CoGAPS inferred gene expression patterns. Box plot of six gene expression patterns inferred from the HaCaT gene expression data for samples in Table 1. Plotted values are normalized to sum to one across all samples and are averaged across three applications of the CoGAPS algorithm. All results for HaCaT-EGFRWT are colored in green, HaCaT-HRASVal12D in red, HaCaT-EGFRWT in grey, HaCaT-p65WT in blue, and HaCaT-vector in black. The y-axis is labeled according to the row of the inferred P matrix plotted in each panel. Specifically, (a) contains the pattern attributed to the baseline HaCaT activity, (b) attributed to HaCaT-HRASVal12D, (c) HaCaT-vector control, (d) HaCaT-EGFRWT, (e) serum, and (f) HaCaT-p65WT.

In accordance with eq. 1, the inferred patterns from the rows of P can be linked to signatures of gene expression in the columns of the amplitude matrix A to implicate relative gene expression in subsets of samples. We apply the Z-score gene-set statistic of [13] (eqs. 2 and 3 of the Methods section) to infer pattern-specific pathway activation (repression) from over- (under-) representation of large magnitude elements in the A matrix for genes that are targets of transcription factors. Whereas [13] limited application of this statistic to targets of transcription factors, Figure 3 displays estimates of activation and repression of pathways and Additional file 2: Figure S 2 the statistics for component transcription factors (listed in Additional file 1: Table S 1) estimated with eq. 3 for the HaCaT data. Therefore, in this application a pathway is inferred to be either up or down regulated if its targets have a correspondingly larger or smaller Z-score in elements of the A matrix relative to a random selection of genes. By basing this statistic on the relative standard-deviation adjusted magnitude in elements of A, CoGAPS directly infers pathway activity that is active in each pattern inferred (row of P). Therefore, CoGAPS provides a direct implication of relative pathway activity in samples in contrast to the inference limited to differential pathway activity in gene set statistics in standard class-comparison algorithms. Similar to the inferred patterns, these pathway and transcription factor level statistics are robust across CoGAPS simulations (Figure 3 and S 3).

Figure 3

HaCaT expression CoGAPS gene set statistics. Gene set statistics for pathway activity of the HaCaT expression data calculated from eq. 3 averaged across three CoGAPS simulations. Error bars indicate minimum and maximum values of the pathway activity statistic in each of the three CoGAPS simulations. Bars are grouped and labeled according to the dominant experimental condition to which inferred CoGAPS patterns correspond. Within each block, statistics are provided for the STAT, RAS, AKT, TGFB, and Notch pathways (left to right) colored according to the figure legend.

In analyzing the CoGAPS estimated pathway activity (Figure 3), we observe the expected global upregulation of STAT, RAS, and AKT pathways in HaCaT-EGFRWT, upregulation of RAS in HaCaT-HRASVal12D, and upregulation of AKT resulting in HaCaT-p65WT. We also observe unexpected weak activation of TGF-β in HaCaT-EGFRWT and of RAS and TGF-β in HaCaT-p65WT. These unexpected signals are likely due to pathway cross talk and the observed weak upregulation of RAS and TGF-β pathways in HaCaT-vector control. The presence of serum also enhances this upregulation of RAS and TGF-β. The final pattern is consistent across samples and reveals a global upregulation of Notch and STAT pathways in the HaCaT cell lines.

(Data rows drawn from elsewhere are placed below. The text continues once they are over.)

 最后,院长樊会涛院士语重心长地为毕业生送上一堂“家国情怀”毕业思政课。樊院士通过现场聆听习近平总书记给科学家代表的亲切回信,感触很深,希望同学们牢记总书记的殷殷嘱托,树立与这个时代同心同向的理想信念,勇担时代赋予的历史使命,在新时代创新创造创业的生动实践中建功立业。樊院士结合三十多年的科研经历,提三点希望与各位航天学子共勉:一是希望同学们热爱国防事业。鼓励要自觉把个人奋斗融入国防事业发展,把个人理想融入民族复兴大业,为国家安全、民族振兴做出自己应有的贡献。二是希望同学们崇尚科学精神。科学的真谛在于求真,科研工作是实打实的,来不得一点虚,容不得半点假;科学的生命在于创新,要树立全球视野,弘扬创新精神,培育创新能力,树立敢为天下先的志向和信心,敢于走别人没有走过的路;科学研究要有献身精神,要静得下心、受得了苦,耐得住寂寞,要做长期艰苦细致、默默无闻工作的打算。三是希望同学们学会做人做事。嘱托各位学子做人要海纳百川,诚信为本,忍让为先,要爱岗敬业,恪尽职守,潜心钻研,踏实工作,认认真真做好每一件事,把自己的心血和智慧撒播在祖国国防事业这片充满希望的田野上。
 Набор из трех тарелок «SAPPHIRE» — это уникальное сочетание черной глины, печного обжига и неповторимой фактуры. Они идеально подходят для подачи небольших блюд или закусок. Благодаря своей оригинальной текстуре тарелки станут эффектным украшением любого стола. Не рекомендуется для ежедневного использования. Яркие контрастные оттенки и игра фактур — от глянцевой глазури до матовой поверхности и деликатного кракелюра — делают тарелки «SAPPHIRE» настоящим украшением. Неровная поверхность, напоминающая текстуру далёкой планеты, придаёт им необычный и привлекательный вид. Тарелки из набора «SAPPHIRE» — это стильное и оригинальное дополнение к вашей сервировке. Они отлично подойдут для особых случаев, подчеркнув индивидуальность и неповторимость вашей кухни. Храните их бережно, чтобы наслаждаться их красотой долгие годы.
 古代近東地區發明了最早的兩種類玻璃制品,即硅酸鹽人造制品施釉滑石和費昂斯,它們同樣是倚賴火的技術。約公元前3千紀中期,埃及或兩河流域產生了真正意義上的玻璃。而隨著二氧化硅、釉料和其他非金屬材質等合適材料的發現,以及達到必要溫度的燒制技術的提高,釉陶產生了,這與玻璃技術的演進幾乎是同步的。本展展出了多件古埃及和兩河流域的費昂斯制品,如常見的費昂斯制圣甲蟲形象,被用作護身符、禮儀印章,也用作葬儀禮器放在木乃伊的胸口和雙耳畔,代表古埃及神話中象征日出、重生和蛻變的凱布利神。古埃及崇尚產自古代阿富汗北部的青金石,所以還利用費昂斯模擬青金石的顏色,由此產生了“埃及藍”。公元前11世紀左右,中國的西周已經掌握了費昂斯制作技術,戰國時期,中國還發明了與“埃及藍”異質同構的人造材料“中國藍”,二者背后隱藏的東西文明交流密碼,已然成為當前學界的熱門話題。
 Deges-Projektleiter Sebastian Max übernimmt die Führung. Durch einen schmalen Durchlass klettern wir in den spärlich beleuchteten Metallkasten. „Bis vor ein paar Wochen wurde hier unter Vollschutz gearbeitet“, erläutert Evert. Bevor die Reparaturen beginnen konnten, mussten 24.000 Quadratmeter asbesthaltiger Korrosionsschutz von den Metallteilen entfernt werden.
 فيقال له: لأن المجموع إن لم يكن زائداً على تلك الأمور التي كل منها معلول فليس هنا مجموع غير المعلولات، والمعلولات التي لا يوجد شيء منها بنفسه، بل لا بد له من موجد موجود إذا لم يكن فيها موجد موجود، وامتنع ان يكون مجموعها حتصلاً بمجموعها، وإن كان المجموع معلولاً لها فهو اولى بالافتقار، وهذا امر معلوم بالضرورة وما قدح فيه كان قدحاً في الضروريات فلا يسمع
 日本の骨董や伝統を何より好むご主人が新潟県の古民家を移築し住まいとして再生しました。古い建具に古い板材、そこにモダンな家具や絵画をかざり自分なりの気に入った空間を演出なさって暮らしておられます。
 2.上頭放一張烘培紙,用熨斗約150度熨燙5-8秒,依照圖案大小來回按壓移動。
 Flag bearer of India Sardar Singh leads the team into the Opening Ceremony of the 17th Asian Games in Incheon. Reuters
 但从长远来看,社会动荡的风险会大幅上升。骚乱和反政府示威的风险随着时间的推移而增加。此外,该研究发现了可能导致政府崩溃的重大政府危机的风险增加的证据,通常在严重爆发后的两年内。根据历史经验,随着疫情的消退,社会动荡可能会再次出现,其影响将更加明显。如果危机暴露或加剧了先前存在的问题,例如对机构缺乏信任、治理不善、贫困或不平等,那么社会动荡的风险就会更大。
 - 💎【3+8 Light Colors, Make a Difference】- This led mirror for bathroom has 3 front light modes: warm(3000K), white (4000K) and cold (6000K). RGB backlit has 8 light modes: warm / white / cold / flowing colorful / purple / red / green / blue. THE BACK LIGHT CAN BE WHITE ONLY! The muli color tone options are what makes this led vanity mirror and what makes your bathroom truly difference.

Comparison of gene expression signatures inferred in CoGAPS and linear models

We note that the six CoGAPS patterns are inferred without any prior information about the experimental conditions in Table 1, whereas standard linear models of pathway response require information about the pertinent experimental conditions. As a result, linear models formed based upon the experimental conditions in the HaCaT forced expression experiments may overfit expression changes due to treatment and stimulation conditions. Moreover, they would be unable to account for relative changes in the magnitude of expression across comparable samples encoded in the relative magnitude of rows of P (Figure 2).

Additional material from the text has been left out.